View Single Post
Old 02-01-2020, 05:35 AM   #31
Icelander
 
Icelander's Avatar
 
Join Date: Mar 2006
Location: Iceland*
Default Long-Range Transport

Quote:
Originally Posted by johndallman View Post
The C-130Hs are newer and have more fatigue lift left, as well as better engines, military equipment, and being on the military aircraft price scale. Air forces seem willing to pay more for aircraft than civilian freight operators.

The L-100 has never been a commercially successful aircraft. It costs too much to run, and it's rather large for most of the civilian freight work that needs to go to short rough fields. It's very cool, but that doesn't pay the bills.

Kessler's essentially paramilitary requirements are rather different from a civilian freight line. An L-100 would seem to suit him rather well.
Quote:
Originally Posted by Rupert View Post
For what it's worth, civilian transport model IL-76TDs seem to go for about $5 million. New models run at something like $30 million.

Many military and civilian Il-76s were disposed of after the breakup of the USSR, so they would've been available through both legit and dodgy channels. I think if one wanted a muscular transport, with lots of capacity and range, it's the one to get. Still in service, with quite a few made and in use for such a large aircraft, parts and general servicing will be easy to arrange.
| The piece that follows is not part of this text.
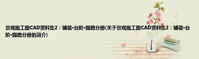 本文关于景观施工图CAD资料集2:铺装·台阶·园路分册的简介就讲解完毕,希望对大家有所帮助。
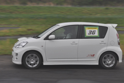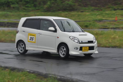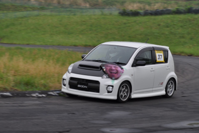会場に前日入りしてやる気マンマン! コースも走り倒してだいぶ官職をつかんできたゼッケン34番「SUMMIto」の「DXLエッセカスタムAT」。 ただし事前走行はドライ路面なんで、第1・2ヒートのウエット路面は未体験ゾーン?! 後半ヒートの食いつきが午前中から見られたら、もっと面白くなっただけに残念! おーとま!車でのモータースポーツ振興のため、競技にレースにと今後も活躍していくとの事。頑張れ! |

I do like the way it's still got a glazed lower nose for the navigator, so if all the fancy instruments fail they can get down there with a map, and find landmarks by eye, the old-fashioned way.
Sounds like both the L-100-30 and the Il-76 were options when Kessler was buying a transport plane to take people from Galveston to Dominica faster than yachts could steam or any seaplane would go.

That would be before anyone around Kessler was as nervous about modern aircraft failing and he'd have bought the aircraft based on performance, measured against the cost of acquiring it and operating it.

If they were available at similar prices around the fall of the Soviet Union, I get the feeling that the Il-76 is a much more capable plane and while a fully-loaded C-130 (it's possible, I guess that the C-100-30 requires less runway) could theoretically land at Douglas-Charles Airport in Dominica, it still requires more than three times the runway length that an Il-76TD requires.

Actually, before the mid-2000s extension to the runway at Douglas-Charles, a C-130 would be operating outside of safety margins if they landed there fully loaded. So the Il-76TD, acquired at the fall of the Soviet Union, seems like a logical possession.

Ironically, of course, now in 2018, some of his employees, like the PCs, will probably consider that old plane far too modern to ever get into.

Edit: The Il-76TD costs about $8,500 per hour to operate, with 55% of that being the 7.5 tons of jet fuel it burns per hour. This is a lot, obviously, but note that it can fly from Scholes International Airport in Galveston to Douglas-Charles Airport on Dominica in about five hours, which means that if it should ever prove necessary, the entire crew of the Penemue, including the 'Night Riders' and some additional support personnel, can be airlifted between those two main theatres of Kessler's influence for about $42,500, which is competitive with the cost of buying everyone economy class flight tickets on a commercial flight and will take significantly less time.
__________________
Za uspiekh nashevo beznadiozhnovo diela!

Last edited by Icelander; 02-06-2020 at 09:47 AM.